#ubuntu-s390x 2016-04-26
<Bercik> Hello.
#ubuntu-s390x 2016-04-27
<macjl> Hello
<macjl> I'm trying to install Unbuntu in LPAR
<macjl> But facing problems with VLAN tagging
<macjl> The installer don't ask me if I use VLAN, so the network does'nt work...
<macjl> Anyone know how to net install ubuntu on s390x arch with VLAN tagging?
<xnox> macjl, you have two options
<xnox> macjl, return to main menu ("<")
<xnox> change debconf priority to medium
<xnox> then it should ask you to use vlan, but that may or may not work.
<xnox> i typically "go through the motions up to ssh client password setup"
<xnox> then return to main menu
<xnox> drop to shell
<xnox> and bring up vlan network by hand, e.g.
<xnox> ip link set dev encc000 up
<xnox> ip link add link encc000 name encc000.2654 type vlan id 2654
<xnox> ip addr add 10.245.237.7/24 brd 10.245.237.255 dev encc000.2654
<xnox> ip link set dev encc000.2654 up
<xnox> ip route add default via 10.245.237.1
<xnox> echo nameserver 10.245.237.1 >> /etc/resolv.conf
<xnox> ..
<xnox> adjust as needed.
<xnox> you would then have to bring up network by hand again in the installed system, and adjust /etc/network/interfaces
<xnox> work is in progress to improve vlan network support. Do let me know your experience with debconf medium priority that does ask for vlan network tag.
<macjl> Thans, I'll try!
<xnox> macjl, no problem. =)
<Bercik> It's good to see people alive on s390* channels :)
<xnox> Bercik, yeah =) slowly picking up.
<Bercik> I remember idling +/- 9 months on hercules channel. Not even one word :)
<xnox> hehe
<xnox> honestly i have tried hercules, but did not manage to boot anything in it =(
<Bercik> I did
<Bercik> but not with ubuntu ;(
<Bercik> nor modern distros (RHEL 7, SLES 12).

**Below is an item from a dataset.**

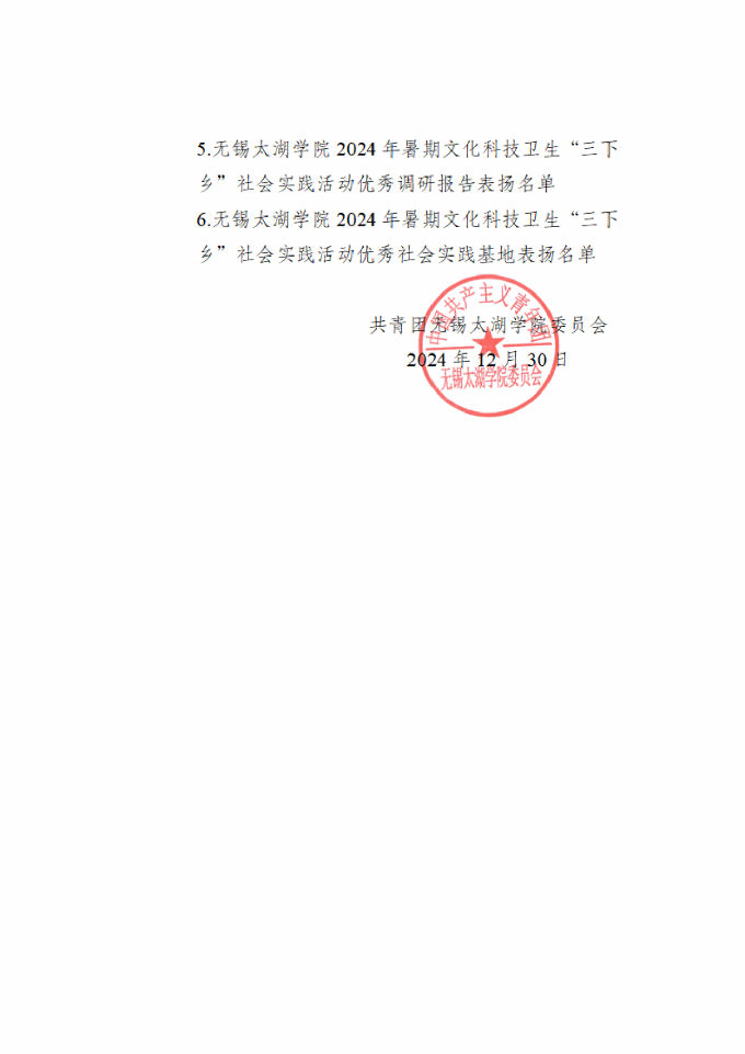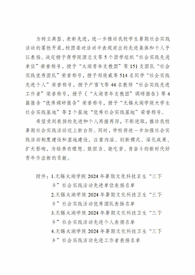 关于无锡太湖学院2024年学生志愿者暑期文化科技卫生“三下乡”社会实践活动的表扬决定
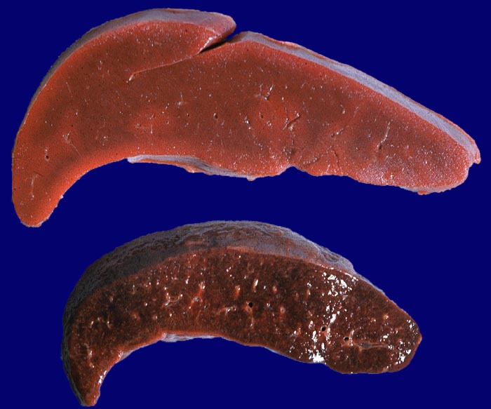Schinkenmilz bei Amyloidose (oben), Normalbefund (unten)

<xnox> yeah, cause ubuntu needs transactional memory and like zEC12 or better cpu
<xnox> i don't think hercules has emulation for that
<Bercik> I tried newest 4.0
<xnox> i wish qemu had system emulation on other platforms, but that's not in for same reasons arm64 foreign emulation is not there
<xnox> hm, i did not try 4.0 from github, right?
<Bercik> yup,
<Bercik> It runs debian 8 with no problems. Same for my rusty z/OS 1.10
<xnox> https://github.com/hercules-390/hyperion/issues/39
<xnox> we need that for ubuntu
<Bercik> Depends on my CPU config. After IPL it ends up with "you need more recent hardware" or Wait State
<Bercik> xnox,   --enable-interlocked-access-facility-2=yes|no
<Bercik>                           enable/disable Interlocked Access Facility 2
<Bercik>                           (default yes)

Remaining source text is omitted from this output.